* **Dataset entries**:
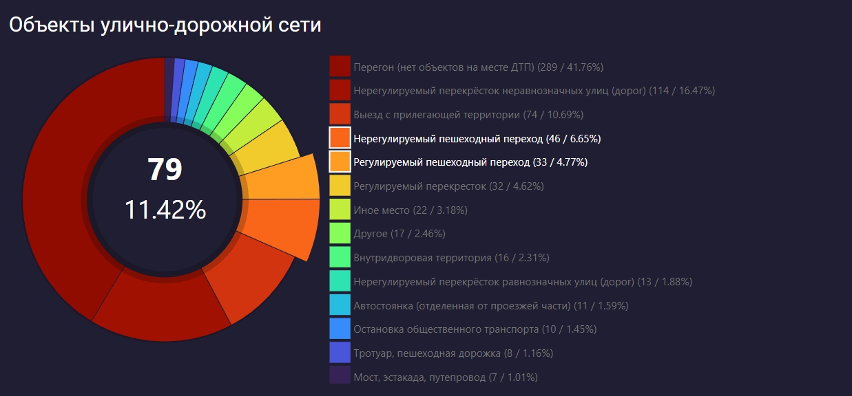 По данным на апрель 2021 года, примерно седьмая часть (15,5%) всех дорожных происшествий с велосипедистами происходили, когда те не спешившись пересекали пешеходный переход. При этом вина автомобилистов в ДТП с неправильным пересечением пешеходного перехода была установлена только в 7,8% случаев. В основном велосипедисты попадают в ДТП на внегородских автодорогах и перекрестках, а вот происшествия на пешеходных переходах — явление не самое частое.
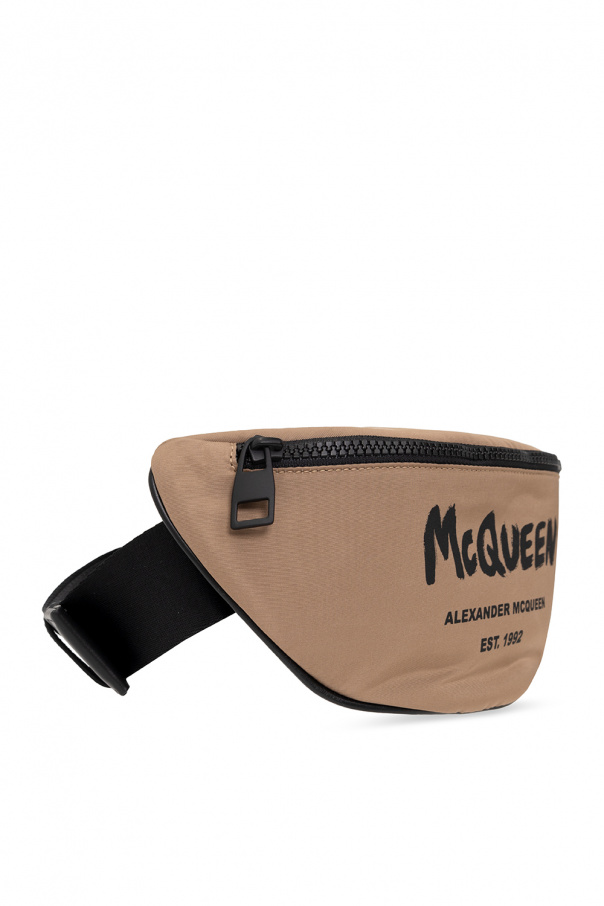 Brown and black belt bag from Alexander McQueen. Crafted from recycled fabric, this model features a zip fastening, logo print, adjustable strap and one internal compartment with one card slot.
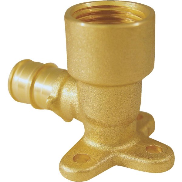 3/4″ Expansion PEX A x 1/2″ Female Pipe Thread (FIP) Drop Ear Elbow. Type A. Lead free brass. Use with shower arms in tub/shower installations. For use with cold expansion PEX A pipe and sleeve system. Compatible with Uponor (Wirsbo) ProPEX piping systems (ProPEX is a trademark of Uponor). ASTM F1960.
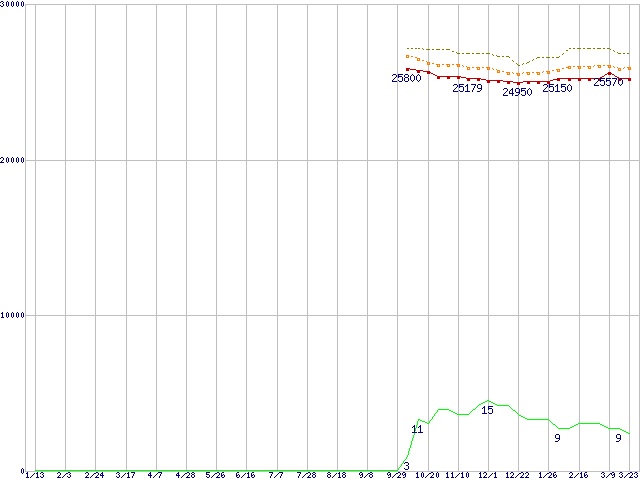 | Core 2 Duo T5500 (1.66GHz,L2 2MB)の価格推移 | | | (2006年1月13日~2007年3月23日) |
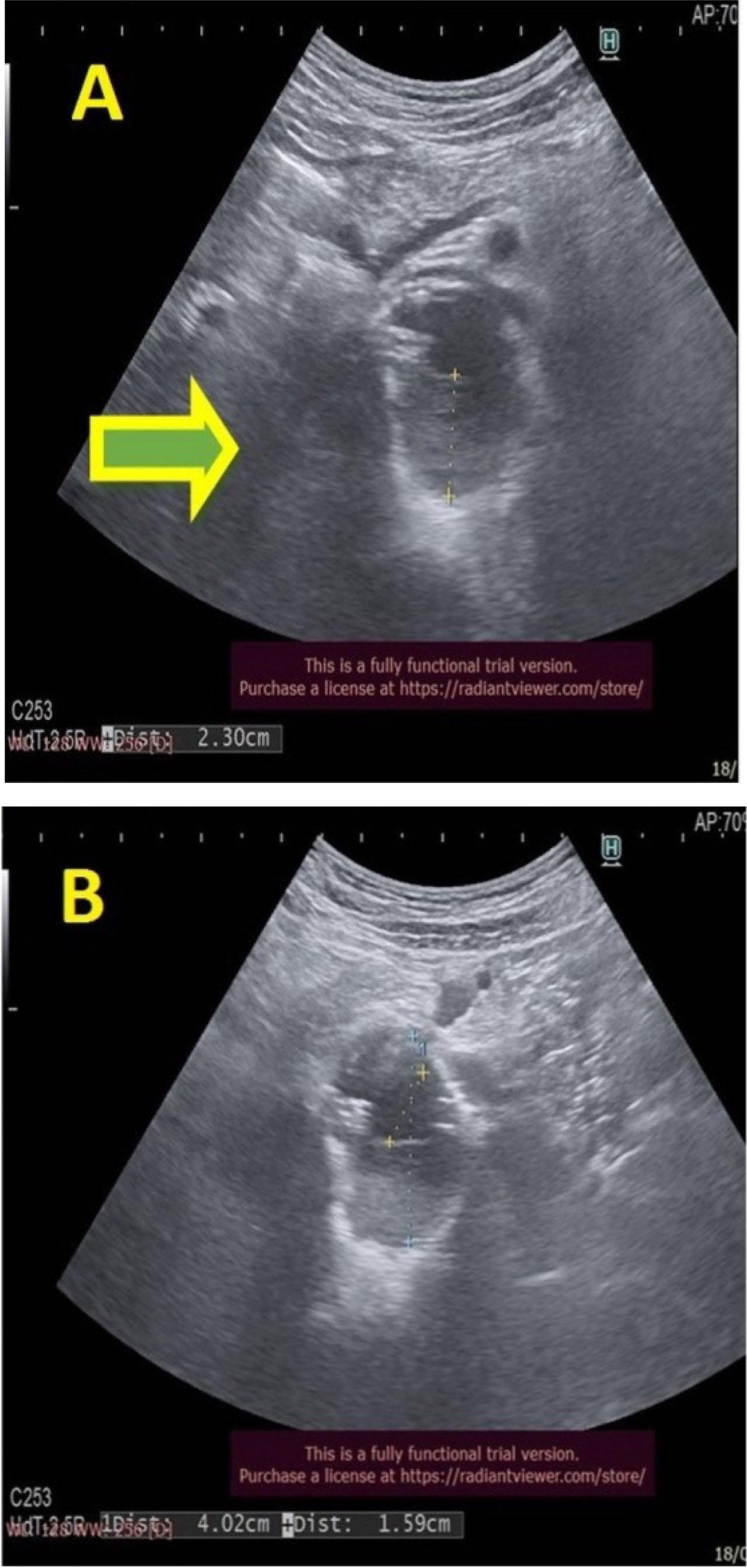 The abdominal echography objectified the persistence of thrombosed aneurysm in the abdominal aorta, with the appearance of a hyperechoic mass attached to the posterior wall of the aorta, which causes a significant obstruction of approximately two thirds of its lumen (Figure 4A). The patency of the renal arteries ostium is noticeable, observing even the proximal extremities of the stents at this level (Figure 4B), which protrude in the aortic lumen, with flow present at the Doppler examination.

* **What you are asked to do**:
A faithful copy of each entry is required, and no picture may be carried into it.

* **Response to this task**:
 По данным на апрель 2021 года, примерно седьмая часть (15,5%) всех дорожных происшествий с велосипедистами происходили, когда те не спешившись пересекали пешеходный переход. При этом вина автомобилистов в ДТП с неправильным пересечением пешеходного перехода была установлена только в 7,8% случаев. В основном велосипедисты попадают в ДТП на внегородских автодорогах и перекрестках, а вот происшествия на пешеходных переходах — явление не самое частое.
 Brown and black belt bag from Alexander McQueen. Crafted from recycled fabric, this model features a zip fastening, logo print, adjustable strap and one internal compartment with one card slot.
 3/4″ Expansion PEX A x 1/2″ Female Pipe Thread (FIP) Drop Ear Elbow. Type A. Lead free brass. Use with shower arms in tub/shower installations. For use with cold expansion PEX A pipe and sleeve system. Compatible with Uponor (Wirsbo) ProPEX piping systems (ProPEX is a trademark of Uponor). ASTM F1960.
 | Core 2 Duo T5500 (1.66GHz,L2 2MB)の価格推移 | | | (2006年1月13日~2007年3月23日) |
 The abdominal echography objectified the persistence of thrombosed aneurysm in the abdominal aorta, with the appearance of a hyperechoic mass attached to the posterior wall of the aorta, which causes a significant obstruction of approximately two thirds of its lumen (Figure 4A). The patency of the renal arteries ostium is noticeable, observing even the proximal extremities of the stents at this level (Figure 4B), which protrude in the aortic lumen, with flow present at the Doppler examination.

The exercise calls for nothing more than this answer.